GRASS makes me nostalgic for the old days of Arc Workstation. GRASS datasets are topological. Problem being if you’re using the GUI for import there is no place to set snapping (that I could find). So I imported data and I kept the problems. After reading the manual I did this little command: v.in.ogr /export/data/topo/stands.shp out=stands_snap snap=0.001 and re-imported my data. I had Clean data in about 15 seconds (probably less). What happened is GRASS pulled it in and snapped the data as it was being converted (same as ArcGIS). If you watch the command line you get a lot of information as to what it’s doing.

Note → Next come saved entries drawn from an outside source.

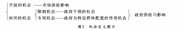 這里的分析主要采納機(jī)會(huì)的第一種定義,為了更準(zhǔn)確的描述機(jī)會(huì)的重要性,對(duì)其進(jìn)行詳細(xì)定義如下:機(jī)會(huì)指的是能改善人們自身境遇,提高效用水平的外部條件。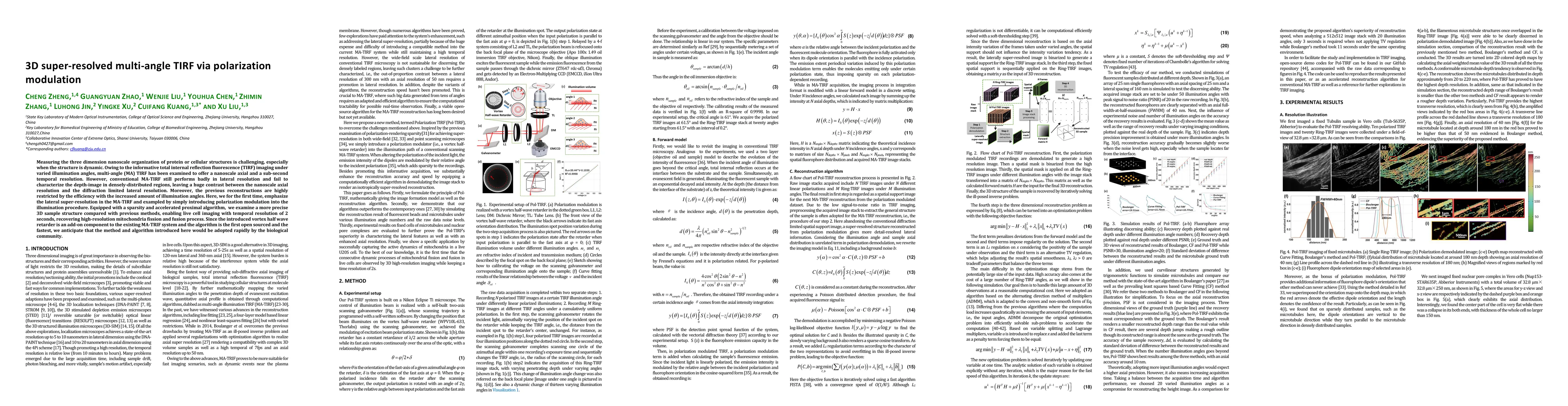 This study introduces a method to improve lateral resolution in multi-angle TIRF imaging using polarization modulation, enabling live cell imaging with high temporal resolution and improved 3D structure reconstruction.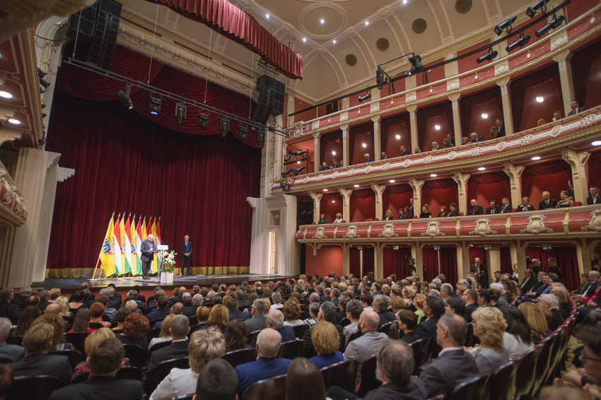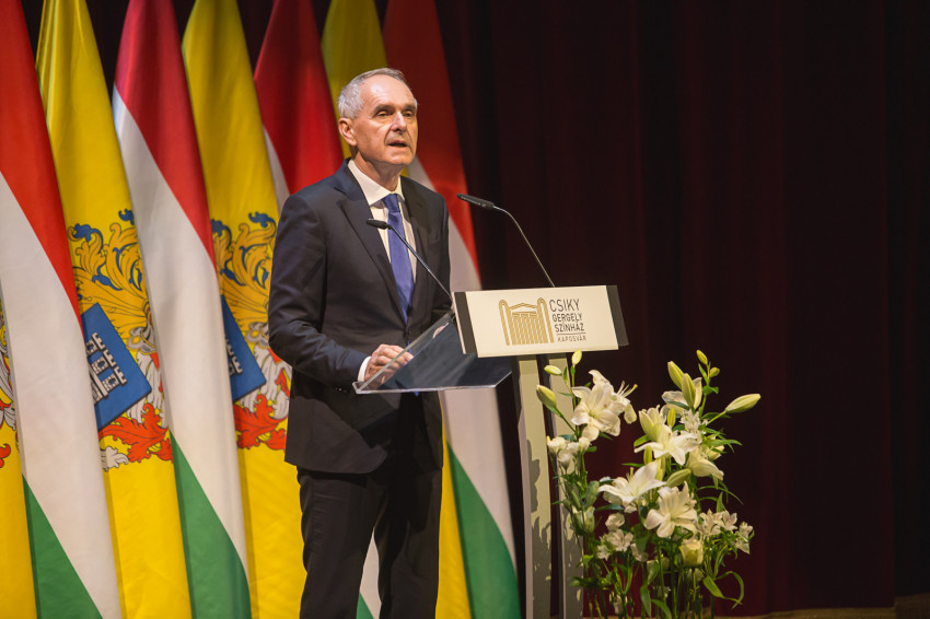„A színháznak olyan kell lennie, mint a templom! – idézte Schwajda György író, dramaturg, volt színházigazgató szavait Szita Károly kaposvári polgármester. – Igen, templom a színház: a kimondott szó, a magyar szó temploma. Ezért is figyelünk rá oly féltőn, ezért újítjuk meg időről időre, ezért vagyunk képesek rajongani érte.” A városvezető ezüst emlékérmet adott át L. Balogh Krisztina, a város volt főépítésze és Szalai József, a színház műszaki vezetője részére, áldozatos munkájuk elismeréseként.

I checked my ArcGIS software. I checked QGIS. After all this was done I had 10 problems using the topology tools in both softwares with this new clean dataset. 10 problems that took me 10 minutes to fix. Please note I had the exact same problems in ArcGIS and QGIS – no difference. I took the GRASS snapped data and put it back into PostGIS and I’m done. Clean data now. Happy Clean Data as I invoke my inner Bob Ross.
So what did we learn from all of this:
1. If you aren’t worried about topology as a GIS Person – turn in your badge at the door. If you aren’t worried about your data you’re a terrible person.
2. If you believe you can’t create production professional data using FOSS4G. Turn in your mouse and your half completed GISP application. I took QGIS/PostGIS/GRASS and created a topologically clean production dataset in a little under an hour. My next dataset will probably take about 15 minutes.
3. I failed slightly – I could connect GRASS to PostGIS and I didn’t. I would have avoided the whole “going back to shapefiles” thing again. That won’t happen next time. It’s going to be connected from here on out. It will be pulled into Grass and pushed back into PostGIS.
4. My hope is that I get my topology problems figured out in PostGIS. I’m close.
Anyway – excuse my slight irreverence in this post as I poked a bit. I walked out of a professional meeting the other day where I got the “you only use QGIS because you’re too cheap to buy ArcGIS”. Well……no. So expect the next few posts to dive into a lot of technical as to why this is a good way to work. Plus you get commercial support from a lot of companies while doing it. It’s a good choice. Granted – there are a lot of tools out in GIS land – but picking these tools doesn’t indicate anything about the user or your organization.